Related Experiment Video

Interactive and Visualized Online Experimentation System for Engineering Education and Research
08:35

Interactive and Visualized Online Experimentation System for Engineering Education and Research

Published on: November 24, 2021

One Month, Two Projects, Many Lessons: Insights From Concurrent System Dynamics Group Model Building Approaches.
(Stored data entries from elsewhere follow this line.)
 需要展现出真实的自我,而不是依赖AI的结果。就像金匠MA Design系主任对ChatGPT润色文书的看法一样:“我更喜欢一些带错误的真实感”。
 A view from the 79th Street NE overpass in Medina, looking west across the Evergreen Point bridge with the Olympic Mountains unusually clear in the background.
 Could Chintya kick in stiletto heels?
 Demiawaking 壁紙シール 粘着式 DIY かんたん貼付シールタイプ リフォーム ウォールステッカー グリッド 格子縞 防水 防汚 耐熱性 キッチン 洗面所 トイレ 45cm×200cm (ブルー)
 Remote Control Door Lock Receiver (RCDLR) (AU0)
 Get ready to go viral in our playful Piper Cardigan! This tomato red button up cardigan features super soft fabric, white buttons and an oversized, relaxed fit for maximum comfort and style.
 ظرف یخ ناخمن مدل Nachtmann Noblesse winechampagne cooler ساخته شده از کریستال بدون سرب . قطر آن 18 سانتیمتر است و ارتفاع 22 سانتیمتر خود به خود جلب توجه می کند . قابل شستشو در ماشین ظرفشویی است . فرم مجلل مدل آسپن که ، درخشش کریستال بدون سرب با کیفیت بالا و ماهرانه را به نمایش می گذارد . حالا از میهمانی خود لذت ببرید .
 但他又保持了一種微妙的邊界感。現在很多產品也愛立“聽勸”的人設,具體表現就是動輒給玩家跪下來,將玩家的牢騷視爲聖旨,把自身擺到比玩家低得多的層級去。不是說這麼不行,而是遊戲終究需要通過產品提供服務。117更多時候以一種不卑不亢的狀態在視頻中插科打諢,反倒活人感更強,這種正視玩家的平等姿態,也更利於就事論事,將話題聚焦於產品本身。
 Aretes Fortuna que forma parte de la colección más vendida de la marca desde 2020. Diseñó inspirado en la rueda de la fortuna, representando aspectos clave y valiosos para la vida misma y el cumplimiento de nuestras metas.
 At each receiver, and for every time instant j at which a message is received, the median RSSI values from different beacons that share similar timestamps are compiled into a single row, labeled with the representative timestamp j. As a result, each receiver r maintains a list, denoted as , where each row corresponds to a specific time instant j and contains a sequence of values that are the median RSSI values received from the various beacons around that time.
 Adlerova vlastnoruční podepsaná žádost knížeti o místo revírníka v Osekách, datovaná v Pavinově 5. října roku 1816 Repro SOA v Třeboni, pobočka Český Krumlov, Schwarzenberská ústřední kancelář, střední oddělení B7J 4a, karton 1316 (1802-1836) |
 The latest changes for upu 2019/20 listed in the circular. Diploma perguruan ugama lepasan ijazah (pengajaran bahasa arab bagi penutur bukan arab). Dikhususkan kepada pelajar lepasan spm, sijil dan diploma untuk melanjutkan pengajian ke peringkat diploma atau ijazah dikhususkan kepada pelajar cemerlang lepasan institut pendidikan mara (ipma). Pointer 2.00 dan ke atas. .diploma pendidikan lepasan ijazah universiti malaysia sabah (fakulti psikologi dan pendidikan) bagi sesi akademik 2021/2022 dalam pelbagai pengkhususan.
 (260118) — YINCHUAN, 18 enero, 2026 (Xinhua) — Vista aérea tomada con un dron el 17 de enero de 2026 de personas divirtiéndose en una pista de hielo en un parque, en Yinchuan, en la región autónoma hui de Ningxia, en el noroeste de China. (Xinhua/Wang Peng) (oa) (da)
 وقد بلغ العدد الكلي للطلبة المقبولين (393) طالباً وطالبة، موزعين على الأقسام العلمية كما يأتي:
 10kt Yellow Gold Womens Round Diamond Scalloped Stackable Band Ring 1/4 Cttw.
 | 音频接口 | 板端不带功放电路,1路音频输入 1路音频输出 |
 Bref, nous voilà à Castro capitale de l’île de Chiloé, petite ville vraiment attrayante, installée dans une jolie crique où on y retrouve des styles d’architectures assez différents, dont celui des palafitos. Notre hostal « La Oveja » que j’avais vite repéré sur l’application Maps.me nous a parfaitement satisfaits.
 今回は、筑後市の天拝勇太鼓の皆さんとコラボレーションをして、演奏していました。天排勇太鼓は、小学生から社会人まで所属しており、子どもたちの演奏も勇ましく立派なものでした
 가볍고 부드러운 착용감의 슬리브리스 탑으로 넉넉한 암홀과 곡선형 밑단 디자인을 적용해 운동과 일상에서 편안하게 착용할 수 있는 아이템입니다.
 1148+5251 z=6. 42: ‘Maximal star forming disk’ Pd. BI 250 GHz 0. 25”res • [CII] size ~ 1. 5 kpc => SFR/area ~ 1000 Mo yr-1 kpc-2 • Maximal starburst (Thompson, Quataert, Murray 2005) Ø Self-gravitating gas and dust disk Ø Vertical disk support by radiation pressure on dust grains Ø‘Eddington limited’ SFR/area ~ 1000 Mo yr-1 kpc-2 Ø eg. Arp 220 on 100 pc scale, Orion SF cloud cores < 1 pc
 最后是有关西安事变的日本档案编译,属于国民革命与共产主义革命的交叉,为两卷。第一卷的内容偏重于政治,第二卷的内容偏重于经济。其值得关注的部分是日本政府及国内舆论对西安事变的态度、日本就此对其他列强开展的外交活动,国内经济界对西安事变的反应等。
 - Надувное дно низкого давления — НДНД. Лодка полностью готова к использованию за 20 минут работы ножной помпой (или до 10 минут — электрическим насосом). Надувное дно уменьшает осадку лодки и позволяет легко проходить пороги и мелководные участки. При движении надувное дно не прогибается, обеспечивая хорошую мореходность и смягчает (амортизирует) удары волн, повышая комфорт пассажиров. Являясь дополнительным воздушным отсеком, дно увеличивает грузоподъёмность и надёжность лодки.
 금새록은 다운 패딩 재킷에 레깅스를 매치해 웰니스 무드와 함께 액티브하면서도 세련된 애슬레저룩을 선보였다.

Michael K Lemke1, Kyrah K Brown2, Saeideh Fallah-Fini3

  • 1Department of Environmental & Occupational Health Sciences, School of Public Health, The University of Texas Health Science Center at Houston - San Antonio Campus, San Antonio, Texas, USA.

System Dynamics Review
|June 1, 2026

View abstract on PubMed

Summary
This summary is machine-generated.

This study explores maternal health outcomes using system dynamics group model building (SD GMB). It offers five lessons learned from applying this complex systems approach to public health challenges.

Keywords:
causal loop diagramcommunity-basedgroup model buildingmaternal healthsystem dynamicssystems thinking

Related Experiment Videos

Interactive and Visualized Online Experimentation System for Engineering Education and Research
08:35

Interactive and Visualized Online Experimentation System for Engineering Education and Research

Published on: November 24, 2021

Area of Science:

  • Public Health
  • Complex Systems Science
  • Community-Based Participatory Research

Background:

  • Maternal morbidity and mortality remain significant public health issues in the U.S.
  • Few studies have examined maternal health outcomes through a complex systems lens.
  • Community-based system dynamics group model building (SD GMB) offers a novel approach to understanding these complex issues.

Purpose of the Study:

  • To describe the conceptualization, planning, and implementation of two concurrent SD GMB projects focused on maternal health.
  • To reflect on the effectiveness of the SD GMB approach by identifying successes, failures, and challenges.
  • To offer practical insights and lessons learned for researchers engaging in the formative phase of SD GMB projects.

Main Methods:

  • Two parallel system dynamics group model building (SD GMB) projects were conducted.
  • Community participants were actively involved in core GMB meetings.
  • Reflexivity principles were applied to analyze the project processes and outcomes.
  • Main Results:

    • The close timing of the projects facilitated rapid learning and adaptation of methodologies by the research team.
    • The paper outlines five key 'lessons' derived from the practical application of SD GMB.
    • Insights gained cover the successes, failures, and enigmatic aspects encountered during the formative phase.

    Conclusions:

    • SD GMB is a valuable methodology for exploring complex public health issues like maternal morbidity and mortality.
    • Reflective practice is crucial for refining SD GMB approaches during project formation.
    • The lessons learned can guide future community-based system dynamics modeling initiatives.